# PROBLEM DESCRIPTION:
Which of the lines below contain the string "that"? Pull each one out of the data.

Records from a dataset

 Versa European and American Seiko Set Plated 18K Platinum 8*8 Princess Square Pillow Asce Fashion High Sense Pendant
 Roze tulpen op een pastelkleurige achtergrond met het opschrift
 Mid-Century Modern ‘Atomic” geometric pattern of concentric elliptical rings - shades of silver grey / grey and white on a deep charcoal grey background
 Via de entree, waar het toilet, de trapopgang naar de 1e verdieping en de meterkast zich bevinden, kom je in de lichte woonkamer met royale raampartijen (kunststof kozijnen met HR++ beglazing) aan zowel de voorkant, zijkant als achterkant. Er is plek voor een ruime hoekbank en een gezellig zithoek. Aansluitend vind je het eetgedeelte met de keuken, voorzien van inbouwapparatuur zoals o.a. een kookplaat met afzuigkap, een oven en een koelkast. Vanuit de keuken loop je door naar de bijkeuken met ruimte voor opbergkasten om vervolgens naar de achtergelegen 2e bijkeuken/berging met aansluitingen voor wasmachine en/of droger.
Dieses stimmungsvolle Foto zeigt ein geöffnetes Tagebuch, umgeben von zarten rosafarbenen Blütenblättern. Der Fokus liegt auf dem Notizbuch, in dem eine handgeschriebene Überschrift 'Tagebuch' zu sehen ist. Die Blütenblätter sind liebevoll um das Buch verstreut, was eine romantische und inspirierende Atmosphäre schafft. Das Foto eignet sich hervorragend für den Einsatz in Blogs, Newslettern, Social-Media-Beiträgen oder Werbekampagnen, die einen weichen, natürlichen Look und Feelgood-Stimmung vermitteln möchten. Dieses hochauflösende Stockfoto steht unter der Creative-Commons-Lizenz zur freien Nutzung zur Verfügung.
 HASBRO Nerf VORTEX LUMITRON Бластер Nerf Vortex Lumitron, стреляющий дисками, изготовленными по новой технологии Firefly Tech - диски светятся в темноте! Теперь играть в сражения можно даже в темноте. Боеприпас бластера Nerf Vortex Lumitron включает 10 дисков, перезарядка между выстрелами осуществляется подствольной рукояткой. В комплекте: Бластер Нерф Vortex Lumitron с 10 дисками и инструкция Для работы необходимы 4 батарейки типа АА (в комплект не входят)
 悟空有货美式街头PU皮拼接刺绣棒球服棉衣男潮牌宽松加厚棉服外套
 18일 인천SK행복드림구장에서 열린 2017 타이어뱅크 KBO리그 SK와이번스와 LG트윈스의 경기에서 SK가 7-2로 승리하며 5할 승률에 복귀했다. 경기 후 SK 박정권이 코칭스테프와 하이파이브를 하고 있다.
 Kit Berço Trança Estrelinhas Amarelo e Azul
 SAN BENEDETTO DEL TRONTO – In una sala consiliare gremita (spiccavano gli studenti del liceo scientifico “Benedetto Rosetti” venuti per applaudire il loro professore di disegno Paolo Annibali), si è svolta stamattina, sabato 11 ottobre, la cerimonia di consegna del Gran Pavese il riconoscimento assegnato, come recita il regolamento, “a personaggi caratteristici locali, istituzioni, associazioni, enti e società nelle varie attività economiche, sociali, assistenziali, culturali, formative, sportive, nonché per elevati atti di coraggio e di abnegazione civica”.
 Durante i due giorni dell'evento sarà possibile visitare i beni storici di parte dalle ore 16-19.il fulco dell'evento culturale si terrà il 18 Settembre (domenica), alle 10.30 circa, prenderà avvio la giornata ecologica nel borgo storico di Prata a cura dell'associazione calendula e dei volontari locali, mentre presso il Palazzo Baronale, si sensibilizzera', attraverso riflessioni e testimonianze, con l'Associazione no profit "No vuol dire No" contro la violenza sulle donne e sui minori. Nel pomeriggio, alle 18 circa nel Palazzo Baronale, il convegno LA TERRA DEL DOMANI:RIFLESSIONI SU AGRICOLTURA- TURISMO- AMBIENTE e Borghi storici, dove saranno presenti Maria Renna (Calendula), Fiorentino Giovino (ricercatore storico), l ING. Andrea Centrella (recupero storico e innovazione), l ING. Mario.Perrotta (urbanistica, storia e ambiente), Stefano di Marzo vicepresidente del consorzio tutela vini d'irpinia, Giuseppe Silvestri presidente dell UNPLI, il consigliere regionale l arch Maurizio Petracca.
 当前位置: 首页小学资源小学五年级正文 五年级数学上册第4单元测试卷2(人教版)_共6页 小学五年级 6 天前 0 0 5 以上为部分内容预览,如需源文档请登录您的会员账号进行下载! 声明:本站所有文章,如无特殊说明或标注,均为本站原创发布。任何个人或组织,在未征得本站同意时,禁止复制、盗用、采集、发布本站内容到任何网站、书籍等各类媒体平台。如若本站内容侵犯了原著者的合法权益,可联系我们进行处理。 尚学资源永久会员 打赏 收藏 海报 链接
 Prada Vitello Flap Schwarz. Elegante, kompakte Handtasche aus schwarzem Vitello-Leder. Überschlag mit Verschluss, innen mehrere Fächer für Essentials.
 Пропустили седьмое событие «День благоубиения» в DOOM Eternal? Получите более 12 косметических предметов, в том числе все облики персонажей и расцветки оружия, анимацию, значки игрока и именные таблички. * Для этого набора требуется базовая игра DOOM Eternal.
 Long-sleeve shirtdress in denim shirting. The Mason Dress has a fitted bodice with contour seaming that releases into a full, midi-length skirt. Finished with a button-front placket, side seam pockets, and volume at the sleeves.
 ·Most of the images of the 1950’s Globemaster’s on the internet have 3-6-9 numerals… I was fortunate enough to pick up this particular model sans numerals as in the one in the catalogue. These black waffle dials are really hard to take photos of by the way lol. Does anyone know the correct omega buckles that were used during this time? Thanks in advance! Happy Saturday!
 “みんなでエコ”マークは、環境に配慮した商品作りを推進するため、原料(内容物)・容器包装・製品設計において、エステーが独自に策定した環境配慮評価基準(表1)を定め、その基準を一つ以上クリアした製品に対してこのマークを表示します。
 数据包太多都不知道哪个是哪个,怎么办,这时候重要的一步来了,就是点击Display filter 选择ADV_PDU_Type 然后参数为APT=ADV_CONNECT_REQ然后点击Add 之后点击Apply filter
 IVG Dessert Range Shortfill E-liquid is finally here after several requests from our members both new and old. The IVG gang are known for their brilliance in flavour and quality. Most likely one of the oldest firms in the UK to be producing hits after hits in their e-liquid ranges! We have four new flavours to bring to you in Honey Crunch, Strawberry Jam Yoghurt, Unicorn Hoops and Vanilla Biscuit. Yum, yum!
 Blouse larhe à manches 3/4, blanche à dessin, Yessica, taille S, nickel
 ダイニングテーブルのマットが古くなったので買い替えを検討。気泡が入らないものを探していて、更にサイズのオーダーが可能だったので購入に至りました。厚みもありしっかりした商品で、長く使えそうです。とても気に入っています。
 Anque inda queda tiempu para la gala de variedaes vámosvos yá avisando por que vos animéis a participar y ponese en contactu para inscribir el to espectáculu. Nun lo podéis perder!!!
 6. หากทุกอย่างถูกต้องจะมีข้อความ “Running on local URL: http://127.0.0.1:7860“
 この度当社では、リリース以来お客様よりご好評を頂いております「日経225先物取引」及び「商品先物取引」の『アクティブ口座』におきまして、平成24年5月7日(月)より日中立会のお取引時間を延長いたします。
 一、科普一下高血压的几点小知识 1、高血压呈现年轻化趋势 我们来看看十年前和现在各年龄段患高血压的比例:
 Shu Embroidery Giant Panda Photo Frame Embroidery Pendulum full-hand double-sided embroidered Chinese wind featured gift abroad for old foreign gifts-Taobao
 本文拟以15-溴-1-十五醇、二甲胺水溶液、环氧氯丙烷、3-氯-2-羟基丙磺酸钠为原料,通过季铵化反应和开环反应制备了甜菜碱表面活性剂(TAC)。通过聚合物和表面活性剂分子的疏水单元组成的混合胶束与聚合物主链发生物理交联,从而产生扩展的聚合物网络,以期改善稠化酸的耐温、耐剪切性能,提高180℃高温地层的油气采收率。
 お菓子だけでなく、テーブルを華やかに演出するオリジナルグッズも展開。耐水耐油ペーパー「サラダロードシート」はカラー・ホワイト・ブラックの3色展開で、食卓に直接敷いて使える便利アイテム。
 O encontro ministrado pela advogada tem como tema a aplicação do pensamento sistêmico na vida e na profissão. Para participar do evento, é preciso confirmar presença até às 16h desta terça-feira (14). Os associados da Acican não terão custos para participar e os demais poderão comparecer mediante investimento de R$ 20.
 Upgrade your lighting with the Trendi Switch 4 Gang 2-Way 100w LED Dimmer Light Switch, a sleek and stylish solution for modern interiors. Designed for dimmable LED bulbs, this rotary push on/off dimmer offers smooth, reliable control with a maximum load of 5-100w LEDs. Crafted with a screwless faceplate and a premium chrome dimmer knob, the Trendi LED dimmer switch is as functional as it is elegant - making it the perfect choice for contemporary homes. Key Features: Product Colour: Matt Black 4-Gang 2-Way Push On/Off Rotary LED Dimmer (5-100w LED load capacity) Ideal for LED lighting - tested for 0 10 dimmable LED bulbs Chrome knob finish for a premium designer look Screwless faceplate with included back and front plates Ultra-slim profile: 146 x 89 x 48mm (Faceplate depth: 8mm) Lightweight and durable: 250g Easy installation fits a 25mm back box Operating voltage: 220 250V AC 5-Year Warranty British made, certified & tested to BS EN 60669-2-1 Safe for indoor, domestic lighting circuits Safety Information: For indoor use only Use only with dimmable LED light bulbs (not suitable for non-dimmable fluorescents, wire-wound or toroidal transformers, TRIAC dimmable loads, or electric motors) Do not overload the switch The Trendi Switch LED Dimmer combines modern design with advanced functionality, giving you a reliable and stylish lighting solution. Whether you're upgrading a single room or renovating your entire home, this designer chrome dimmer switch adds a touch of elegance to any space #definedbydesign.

# TASK SOLUTION:
 Long-sleeve shirtdress in denim shirting. The Mason Dress has a fitted bodice with contour seaming that releases into a full, midi-length skirt. Finished with a button-front placket, side seam pockets, and volume at the sleeves.
 ·Most of the images of the 1950’s Globemaster’s on the internet have 3-6-9 numerals… I was fortunate enough to pick up this particular model sans numerals as in the one in the catalogue. These black waffle dials are really hard to take photos of by the way lol. Does anyone know the correct omega buckles that were used during this time? Thanks in advance! Happy Saturday!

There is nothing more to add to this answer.